Five steps, but three of them carry the whole thing, and they are exactly where people go wrong.

The three pieces that make it work

Verify is the core. Without a real check on its output, a model just produces something and approves its own homework. Progress only happens when there is a true gate, a test, a measurable metric, or a strict rubric, that the work has to pass. No gate, no loop, just expensive repetition.

State is what stops it going in circles. The loop has to remember what it already tried, so each round builds on the last instead of restarting from zero. That memory is what turns repetition into progress. (It is the same idea as agent memory.)

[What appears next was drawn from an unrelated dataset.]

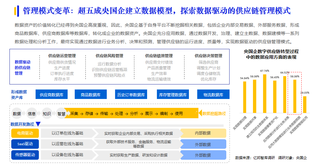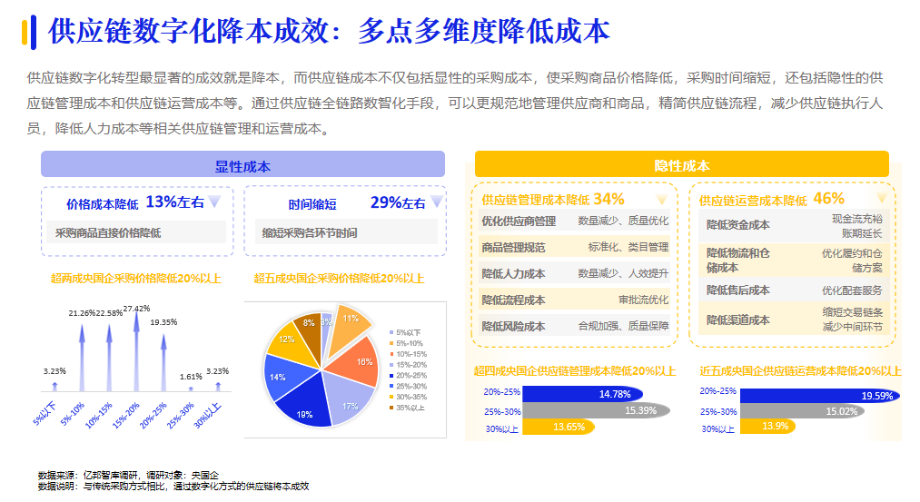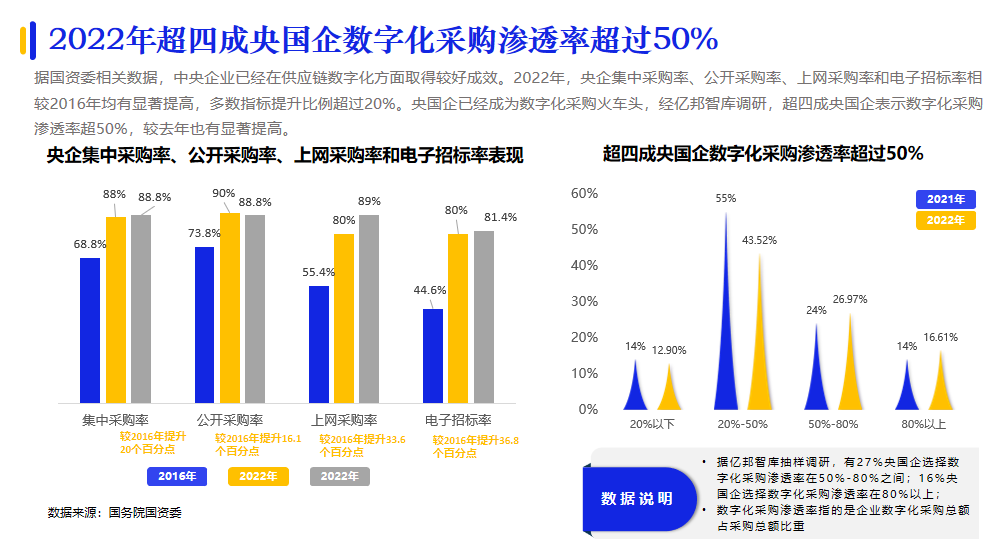 央國(guó)企在我國(guó)企業(yè)采購(gòu)數(shù)字化進(jìn)程中的火車頭效應(yīng)越發(fā)明顯。據(jù)億邦智庫(kù)調(diào)研,超四成央國(guó)企表示數(shù)字化采購(gòu)滲透率已經(jīng)超過(guò)50%;形成了央國(guó)企先行,引發(fā)供應(yīng)鏈各環(huán)節(jié)企業(yè)參與數(shù)字化創(chuàng)新變革的發(fā)展態(tài)勢(shì)。

A stop condition keeps it under control. Every loop needs a clear definition of success and a hard limit, or it will happily run, and spend, forever. So the real difference is this: a prompt gives an instruction; a loop gives a job, a way to judge success, a memory of progress, and a rule for when to stop.

Do you even need one?

Most write-ups explain how loops work and skip the more useful question: when are they not worth it? A loop only earns its complexity when all four of these are true:

The task repeats, so the setup cost pays off over time.
There is an automatic way to reject bad output, a test, a rule, or a validator.
The agent can run end to end without you stepping in constantly.
Success is objective, so “done” can be decided without a judgment call.

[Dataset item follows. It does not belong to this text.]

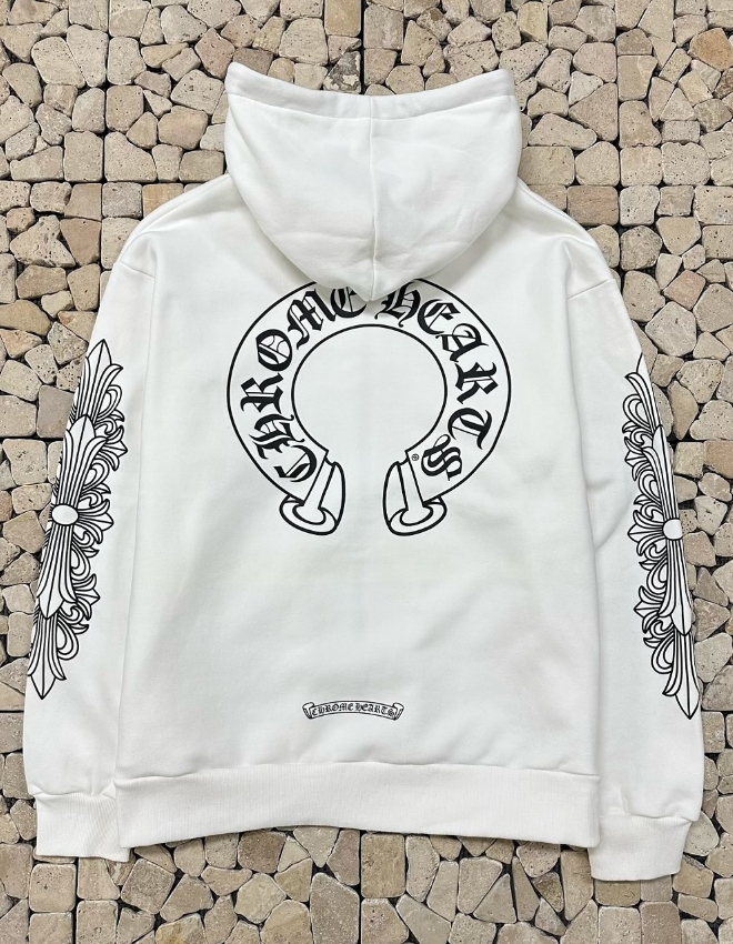 크롬하츠 화이트 홀스슈 기모 오버핏 후드집업

Miss any one and a loop becomes over-engineering. For a one-off task, or anything where “good” is a matter of taste, a single well-structured prompt is the better tool. Loops are powerful, but only when the problem actually fits them.

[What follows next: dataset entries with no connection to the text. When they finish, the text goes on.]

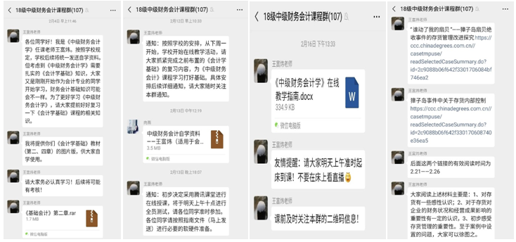 为了更好满足学生学习需求、提升教学效果,王富炜事事想在学生前面。他担心学生们在家缺少学习资料,除了提供《基础会计》复习材料、《中级财务会计学自学指导大纲》以及《中级财务会计学在线教学指南》外,又紧忙联系出版社将教材和配套练习册的电子版提供给学生们。不少学生表示,“王老师的教学材料就像及时雨,在我们毫无头绪时,帮助我们梳理脉络,构建课程知识体系,也能更好地配合好线上教学工作。”在课上,王富炜也不忘再三叮嘱学生们注意保护自己、保护家人,力所能及地履行社会责任。同时结合课程知识将会计职业道德教育融入课堂,引导学生们思考在走入社会后应当坚守的原则。课后,他不时会在微信群内分享案例,鼓励和引导学生们阅读、思考,也会布置各项习题练习保证学习效果。学生们为王富炜在微信群内的“轰炸”各种忙活的同时,也发自内心地感叹他的尽职尽责、用心良苦。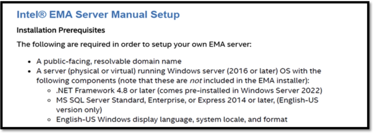 • Intel EMA Server : AMT & ISM的管理平台,建議Windows Server 2022或更新版本安裝使用。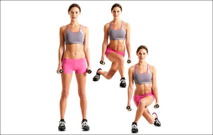 Но делать мы их будем в несколько нестандартной манере. Выпады удобнее всего выполнять с гантелями, так как в таком случае центр тяжести опускается вниз, и мы имеем более устойчивое положение тела.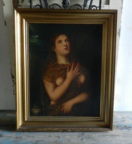Smukt Italiensk oliemaleri, ung kvinde med blottet bryst.Billedet er fra midten af 1900tallet, malet i 17-1800tals stil.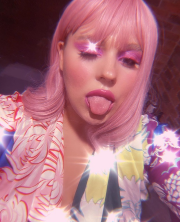 Образ Зарицкая дополнила ярко-розовыми тенями и помадой. На одном из снимков артистка показывает язык.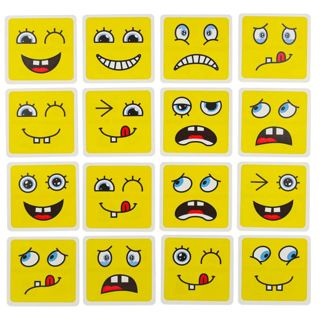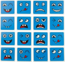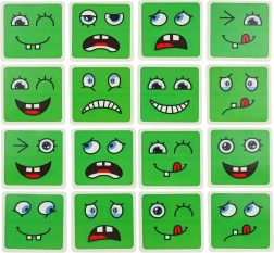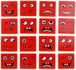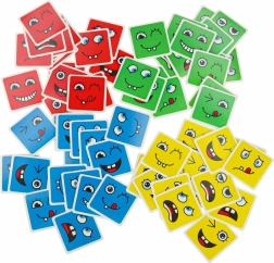 Забавна логическа игра за деца и възрастни, която развива разпознаването на емоциите, логическото мислене и фината моторика. Завъртете цветните дървени кубчета и по зададеното на картите подредете правилния израз на лицето – печели този, който направи най-много комбинации за най-кратко време. Безопасна дървена изработка, 64 карти с изражения и 16 кубчета в четири цвята за безкрайна доза забавление и учене.

The version built for code

Loops caught on in software first, because code is easy to verify: a test either passes or it does not, so there is no argument about success. A coding loop is just a goal plus a strict way to check it:

GOAL      every test in tests/auth passes, lint is clean, no type errors
EACH ROUND
  1. run the test suite and read every failure
  2. pick the single highest-impact failure
  3. write the smallest change that fixes it
  4. re-run the tests, lint, and the type checker
VERIFY    green tests, zero lint warnings, zero type errors
STOP WHEN verify passes, or 8 rounds reached
ON STOP   summarize what changed and what still fails

That is the whole shape, a clear goal, a tight per-round routine, an unambiguous verify gate, and a hard stop so a stuck loop gives up instead of burning money. It is the working pattern behind tools like AI coding agents.

Hands-on: build your own self-checking loop

Fill these in and we assemble a loop prompt you can paste into any chat model. It keeps working and grading itself until it meets your bar, no code required.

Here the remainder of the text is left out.